• [Requirement] Lines from the beginning of the material below through the line that has "4) If you prefer" are to be reproduced exactly, but pictures are not.

• [Data supplied]
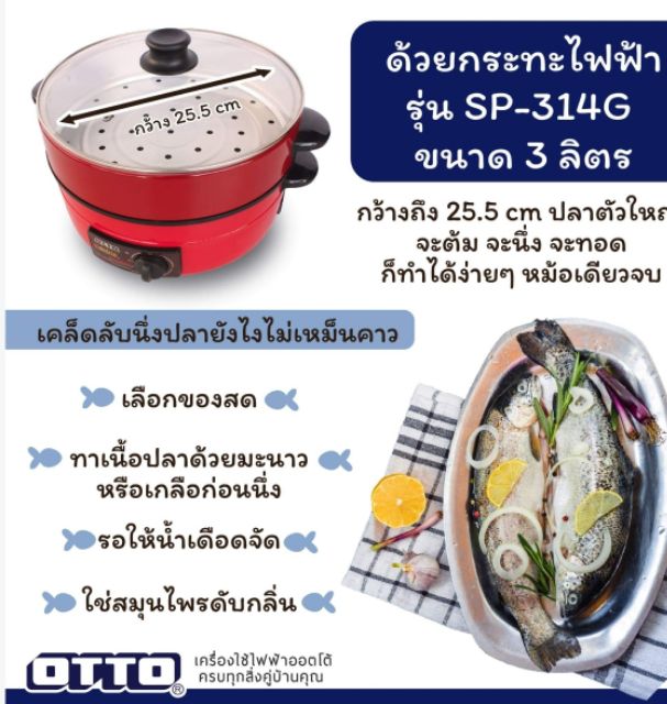 [ลูกค้าใหม่1บาท]ใช้โค้ดWW2GYSลด25%กระทะไฟฟ้าOtto SP314Gกะทะไฟฟ้า2ชั้น สามารถ ทอด ต้ม นึ่ง อุ่น มีซึ้ง
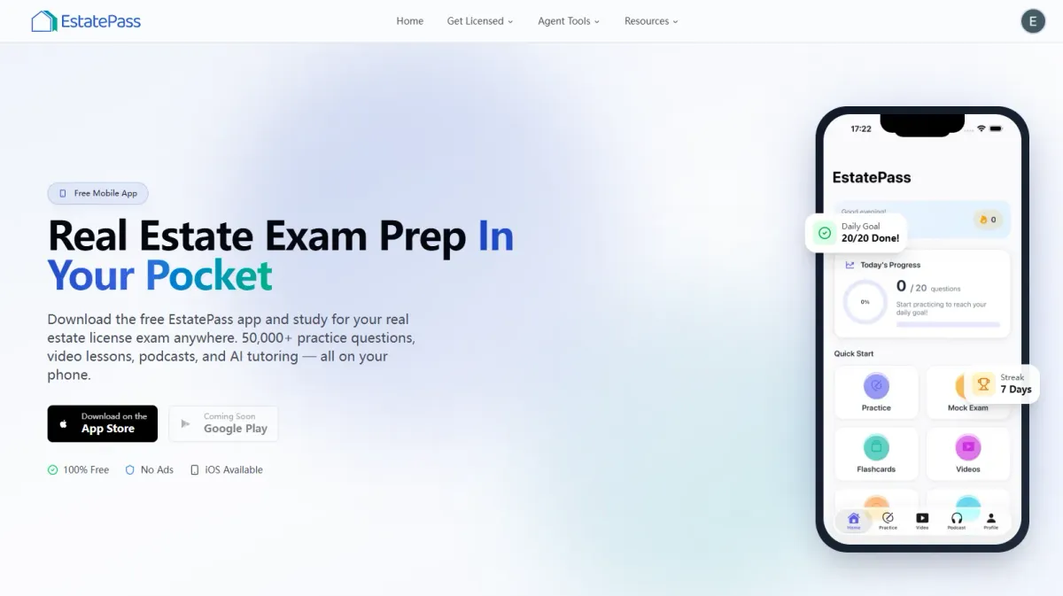 4) If you prefer mobile study, grab the EstatePass app and do a 10‑minute timed set daily.
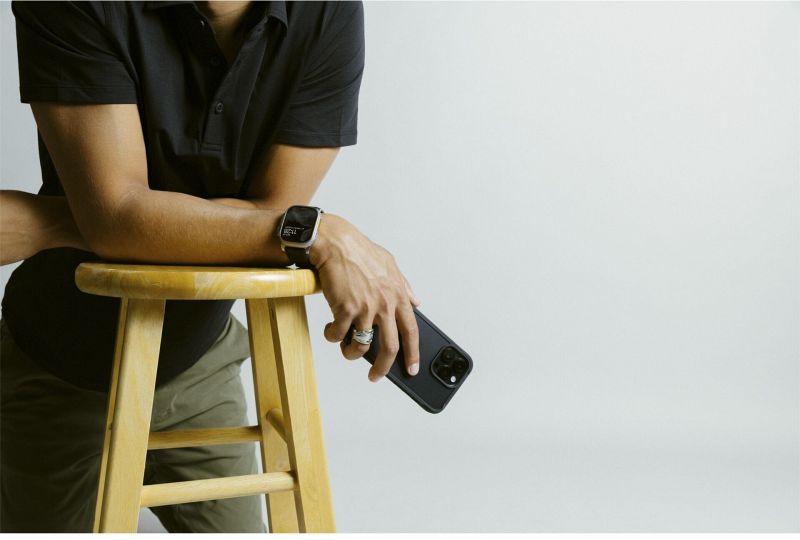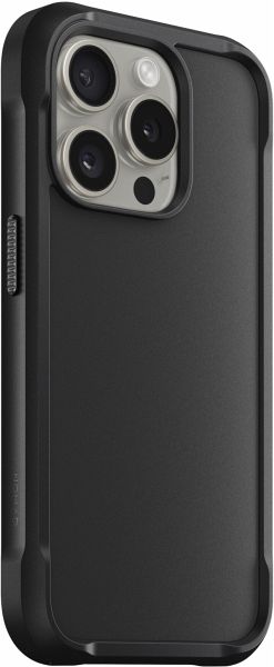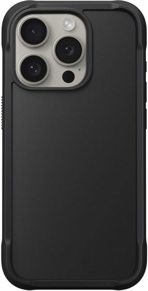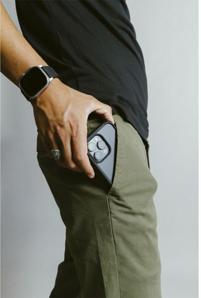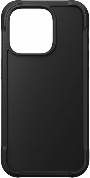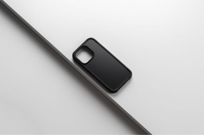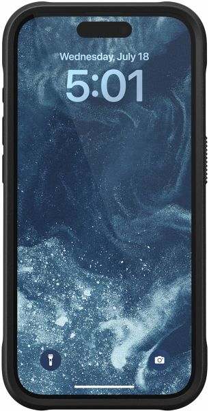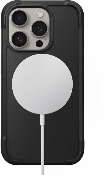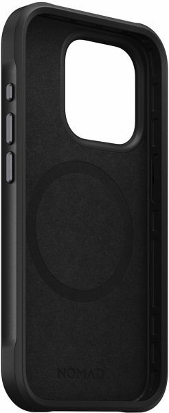 Das robuste und widerstandsfähige Nomad Rugged Case schützt das iPhone durch einen Rahmen aus Polycarbonat, erhöhten Rändern zum Schutz des Displays und Bumpern an den Ecken des Smartphones zuverlässig bei Stürzen aus bis zu 4.5 Metern Höhe. Die matte Rückseite aus PET liegt angenehm und sicher in der Hand während die eloxierten Aluminiumtasten und die Textur des Polycarbonat Rahmens für besonderen Grip sorgen. Dank der vom restlichen Case hervorragenden Bumper an den Ecken liegt das iPhone trotz der erhöhten Kamera flach auf. Trotz des umfassenden Schutzes verfügt die Hülle über einen schlanken, minimalistischen Look. Dank der integrierten, starken Magnete ist sie außerdem mit beliebigem MagSafe-Zubehör kompatibel.
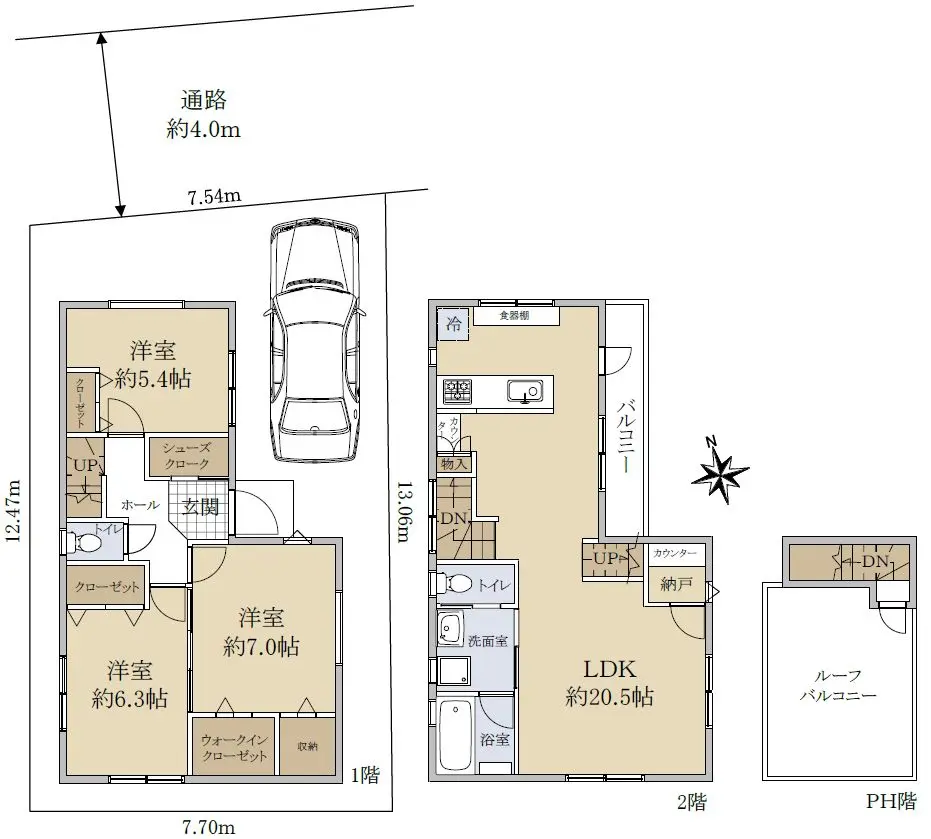 LDK約20.5帖 3LDKの新築一戸建て ルーフバルコニー付き 整形地
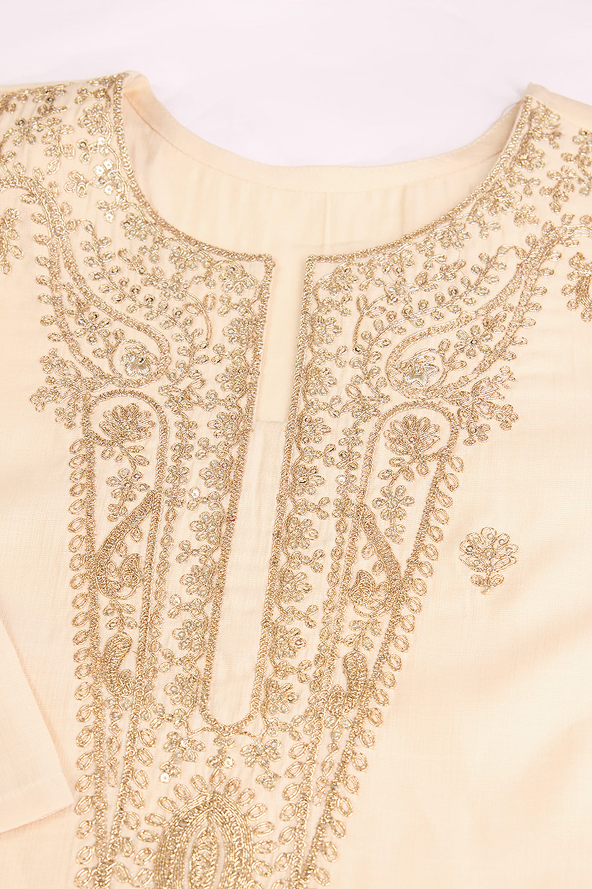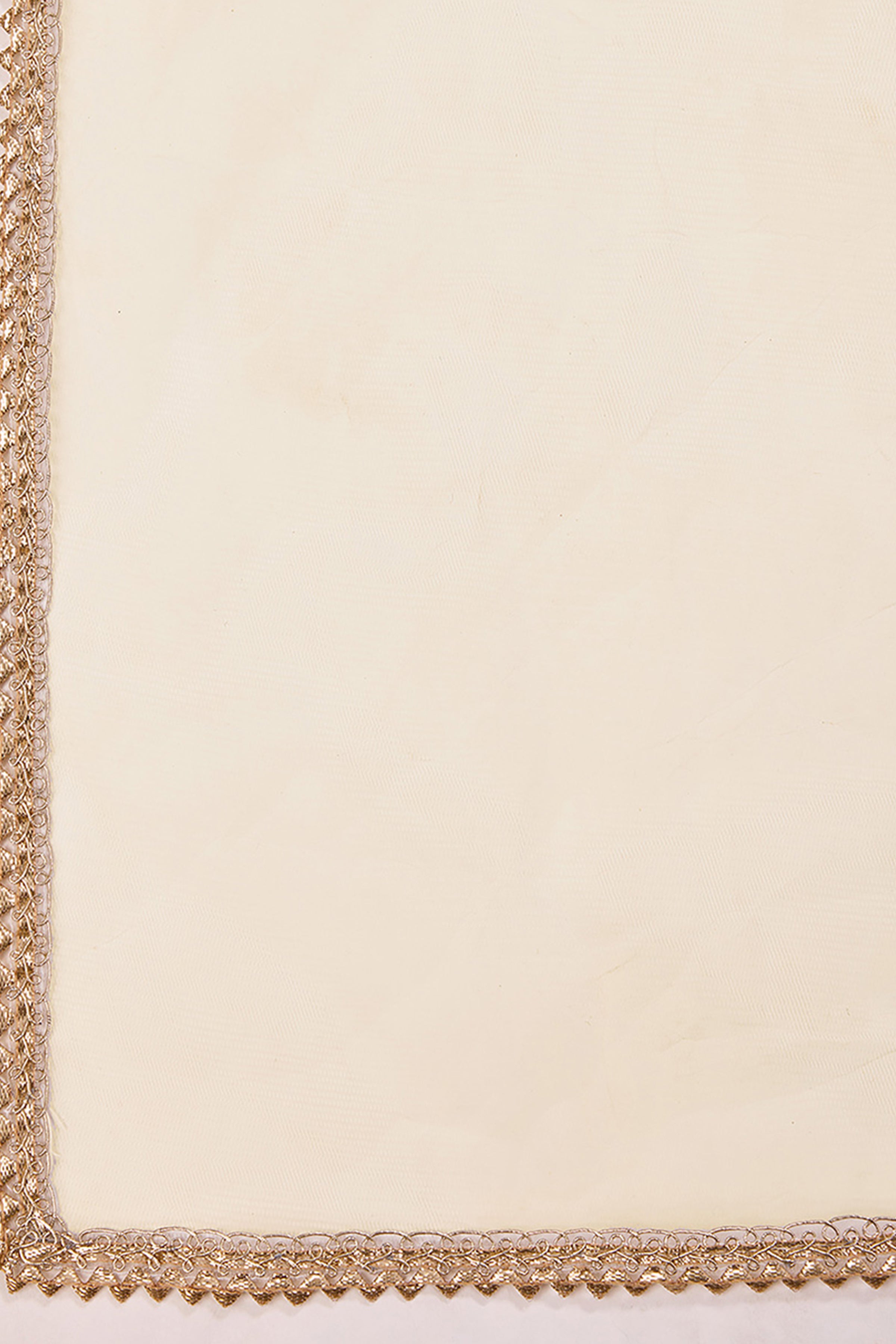 Off-white and gold Silk Blend Embroidered neck Kurta with Pant & Net Dupatta
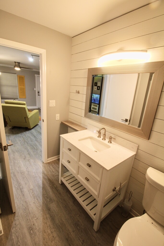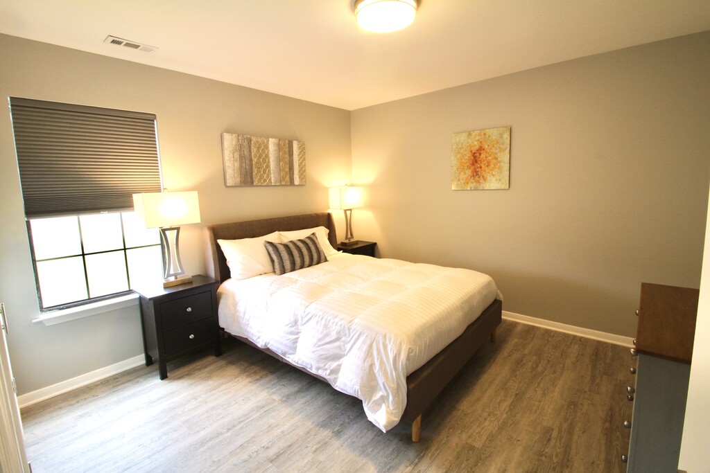 DOWNSTAIRS PLATINUM MODEL - STYLISH LUXURY! Large Granite Kitchen with built-in eating area for 3, Crown Moldings, Stainless Steel Appliances, Specialty lighting, luxury plank flooring throughout, dimmers, black out-cellular blinds, contemporary luxury furnishings, linens, down comforters and pillows, all housewares and appliances, washer and dryer in unit. Annual $1195 per month. Short term leasing. 6-11 months +$100, 4-5 mo +$200, 2-3 mo +$300 p/mo

• [Solution for this problem]
 [ลูกค้าใหม่1บาท]ใช้โค้ดWW2GYSลด25%กระทะไฟฟ้าOtto SP314Gกะทะไฟฟ้า2ชั้น สามารถ ทอด ต้ม นึ่ง อุ่น มีซึ้ง
 4) If you prefer mobile study, grab the EstatePass app and do a 10‑minute timed set daily.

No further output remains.